There are two suitable approaches to this task that I will describe and compare in this article in regard to Early Irish data: a rule-based approach and character-based neural network models.
2 Related Works
The problem of NLP for historical languages first arose in the last quarter of the XXth century in regard to Ancient Greek [32], Sanskrit [20, 47] and Latin [29, 33] and for a long time was confined to these languages. As more and more medieval manuscripts were being digitised, there appeared a number of works dedicated to spelling variation in historical corpora, its normalisation and further linguistic processing for Early Modern English [3, 4], Old French [44], Old Swedish [6], Early New High German [5], historical Portuguese [17, 19, 39], historical Slovene [40], Middle Welsh [30] and Middle Dutch [24, 25]. Historical data processing in general has been surveyed in a substantial monograph [37] and several articles [16, 36]. Apart from corpus studies, there have emerged several open-source tools for historical language processing, such as a Classical Language ToolkitFootnote 1 [22], which offers NLP support for the languages of Ancient, Classical, and Medieval Eurasia. For the moment, only Greek and Latin functionality in CLTK includes lemmatisation.
Lemmatisation has also been an active area of research in computational linguistics, especially for morphologically rich languages [8, 9, 12, 13, 18, 28, 43, 46].
There are two major approaches to lemmatisation, a rule-based approach and a statistical one. The rule-based approach, which requires much manual intervention but yield very good results due to being language-specific, is widely used, examples being Swedish [11], Icelandic [21], Czech [23], Slovene [38], German [35], Hindi [34], Arabic [1, 15] and many other languages. A classical work on automatic morphological analysis of Ancient Greek describes a stem lexicon, where each stem is marked with inflectional class, and a list of pseudo-suffixes needed to restore these stems to lemmas [32]. A Latin lemmatiser from the aforementioned Python library CLTK also uses stem and suffix lexicons. The best morphological analyser for Russian, Mystem, is based on Zalizniak grammatical dictionary [50]. This dictionary contains a detailed description of ca. 100,000 words that includes their inflectional classes. Mystem analyses unknown words by comparing them to the closest words in its lexicon. The ‘closeness’ is computed using the built-in suffix list [42]. A morphological analyser of modern Irish used in New Corpus of Ireland is based on finite-state transducers and described in [14] and [26].

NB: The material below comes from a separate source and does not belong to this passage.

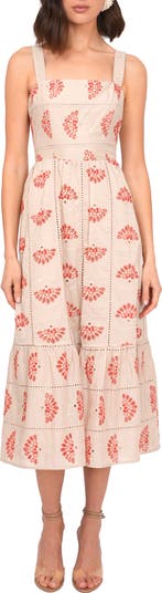Two-tone eyelet embroidery adds brightness and texture to a woven cotton dress complete with a gently gathered skirt.
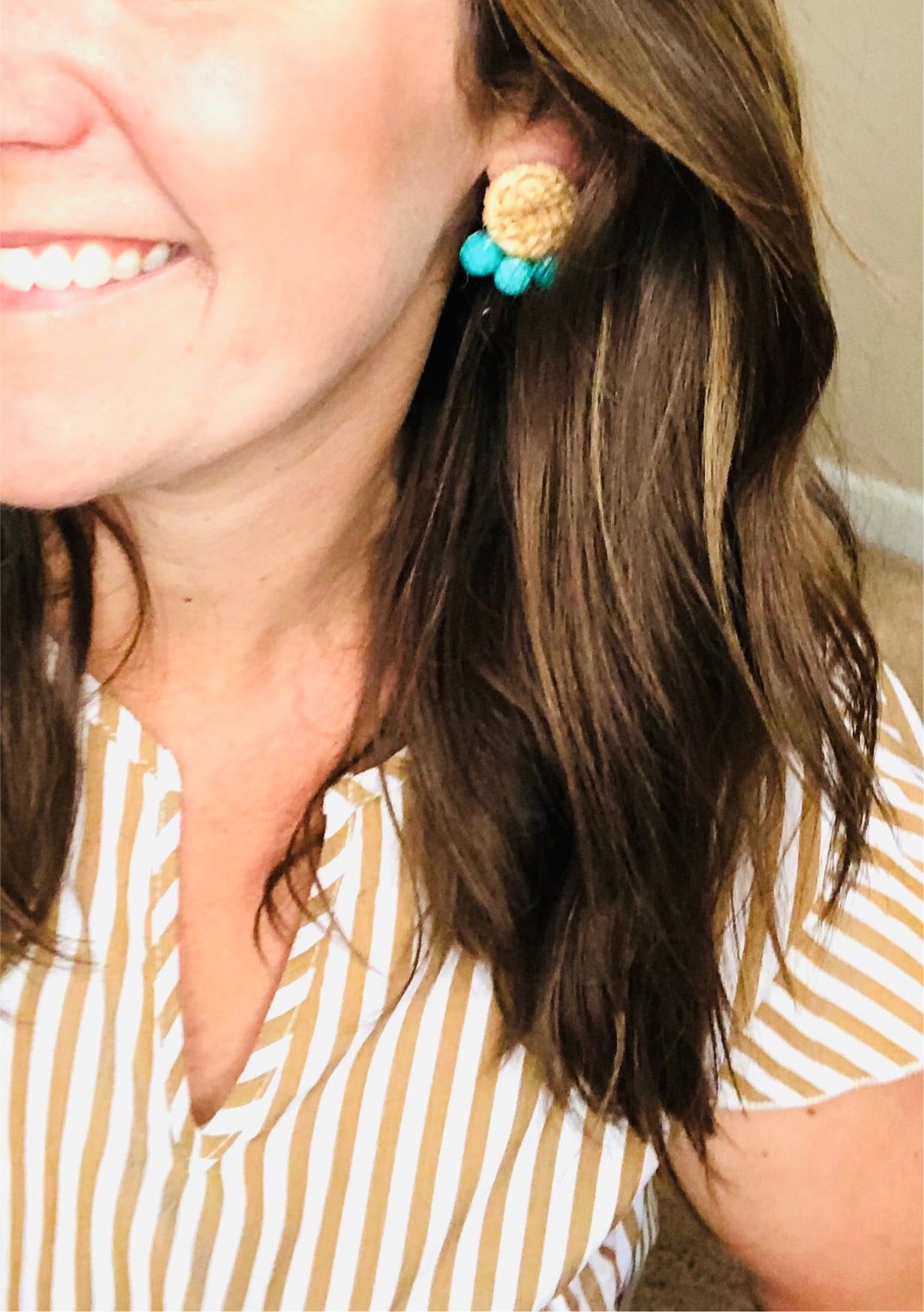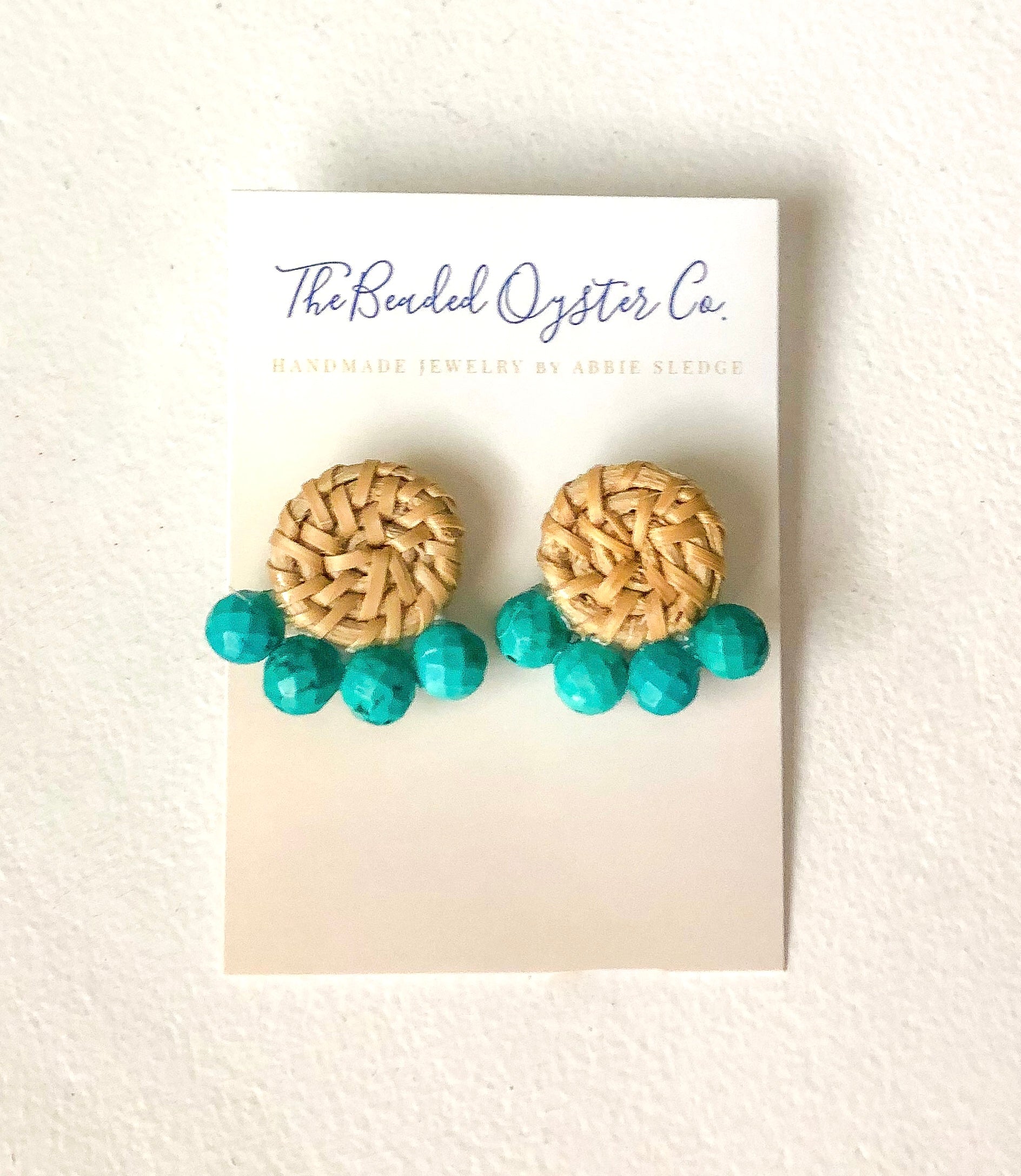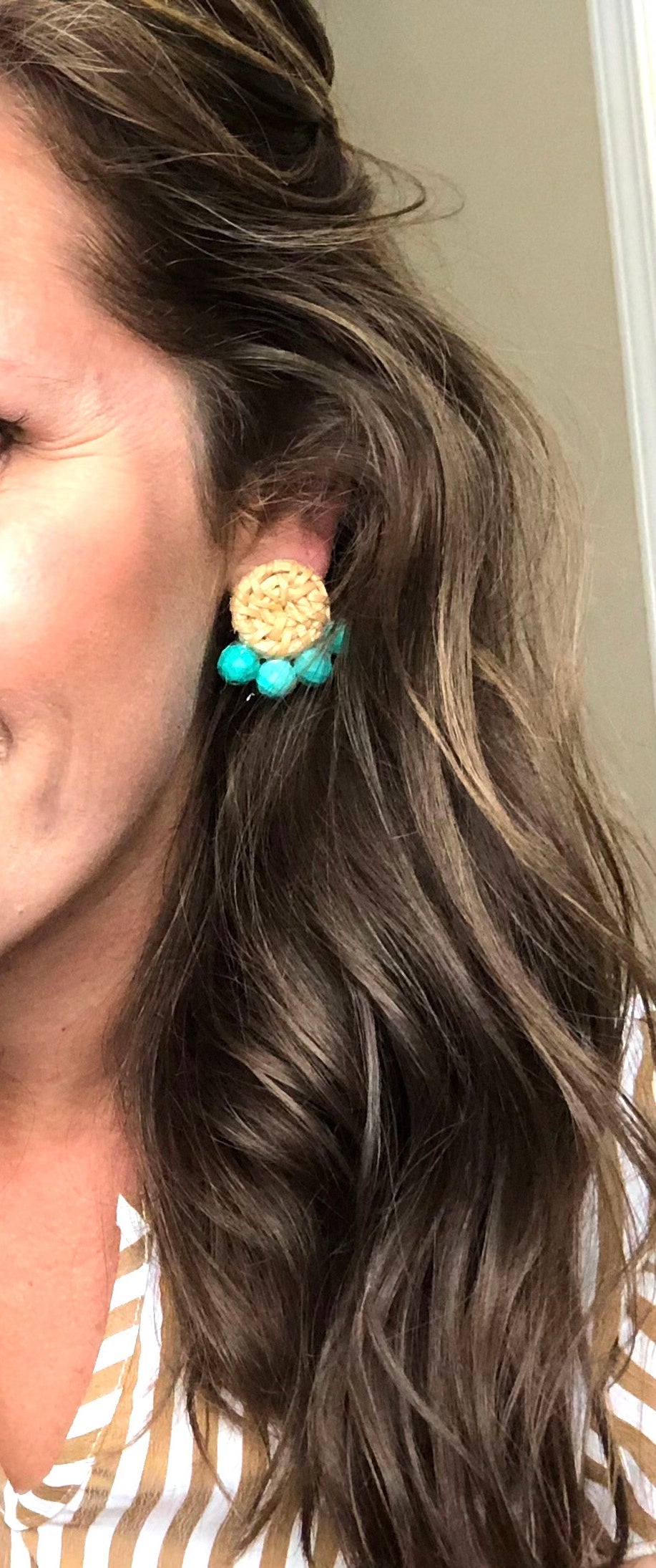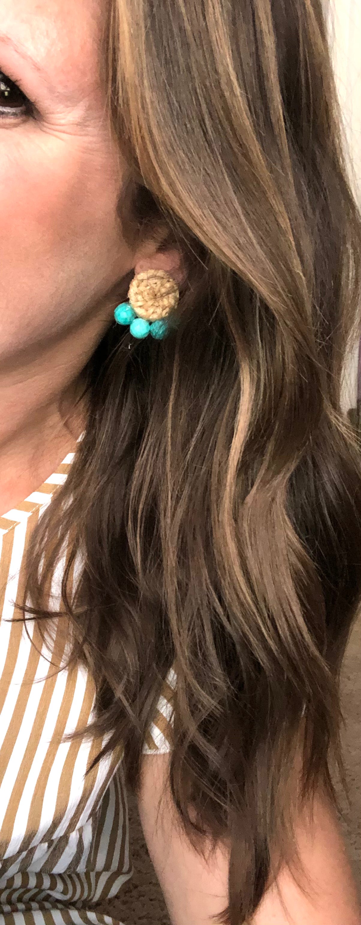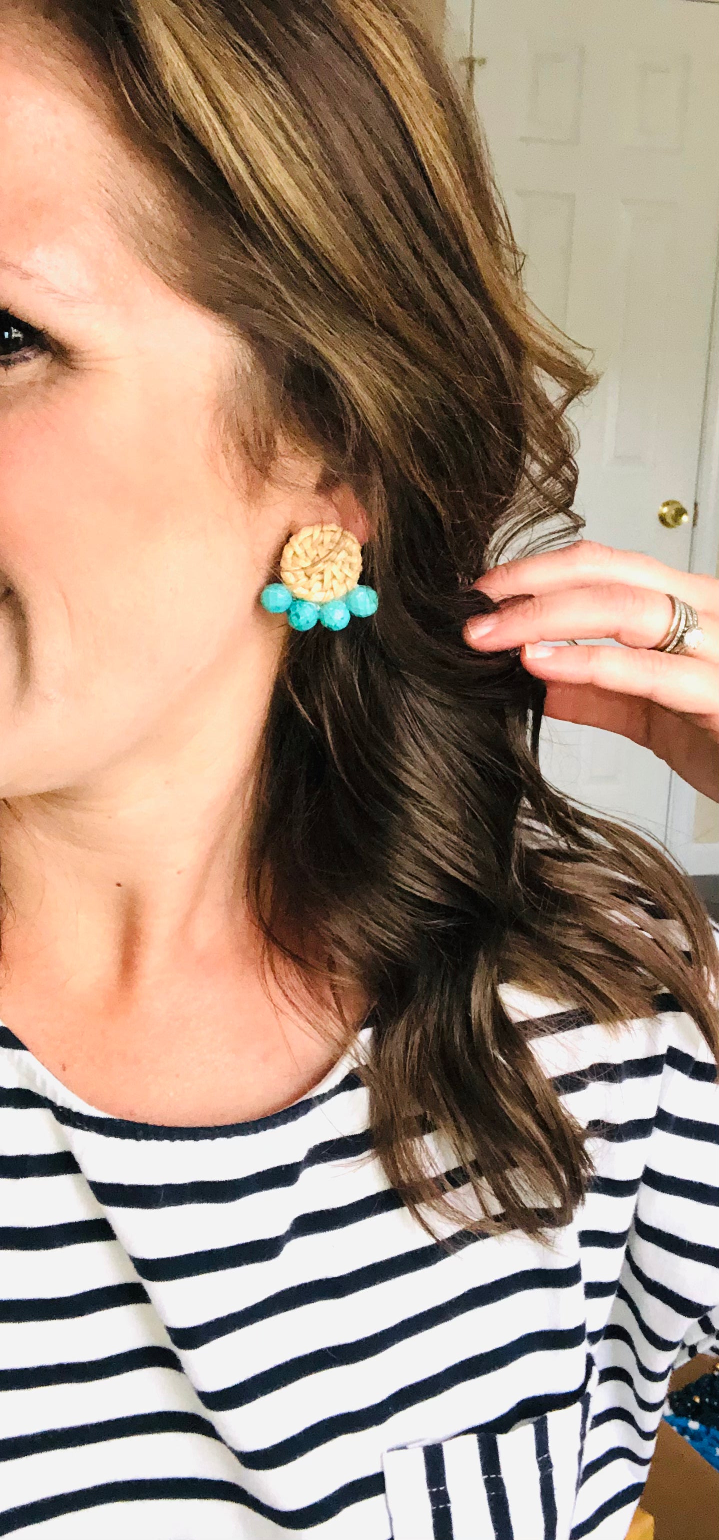 These earrings are made with a 20mm natural beige handwoven rattan wooden straw earring with stud and 4 turquoise faceted beads. The earrings measure about 1.5 inches long and about 1.5 inches wide.

Statistical approach to lemmatisation is computationally expensive and requires a large annotated corpus to train a model, especially when one deals with a complex inflectional system. Nevertheless, there are a few statistical parsers that achieve excellent results. Morfette, which was developed specially for fusional and agglutinative languages, simultaneously learns lemmas and PoS-tags using maximum entropy classifiers. It does not need hard-coded lists of stems and suffixes and derives lemma classes itself from the working corpus [10]. It shows over 97% lemmatisation accuracy for seen words and over 75% accuracy for unseen words on Romanian, Spanish and Polish data. Another joint lemmatisation and PoS-tagging system, Lemming, achieves more than 93–98% for both known and unknown words on Czech, German, Spanish and Hungaian datasets [31]. Now there are models available for more than 15 languages, including Basque, Hebrew, Korean, Estonian, French and ArabicFootnote 2. Unfortunately, it is almost impossible to directly compare the performance of rule-based and statistical-based systems for the same language described in different works due to the discrepancy of training datasets and the absence of evaluation results for some of the models.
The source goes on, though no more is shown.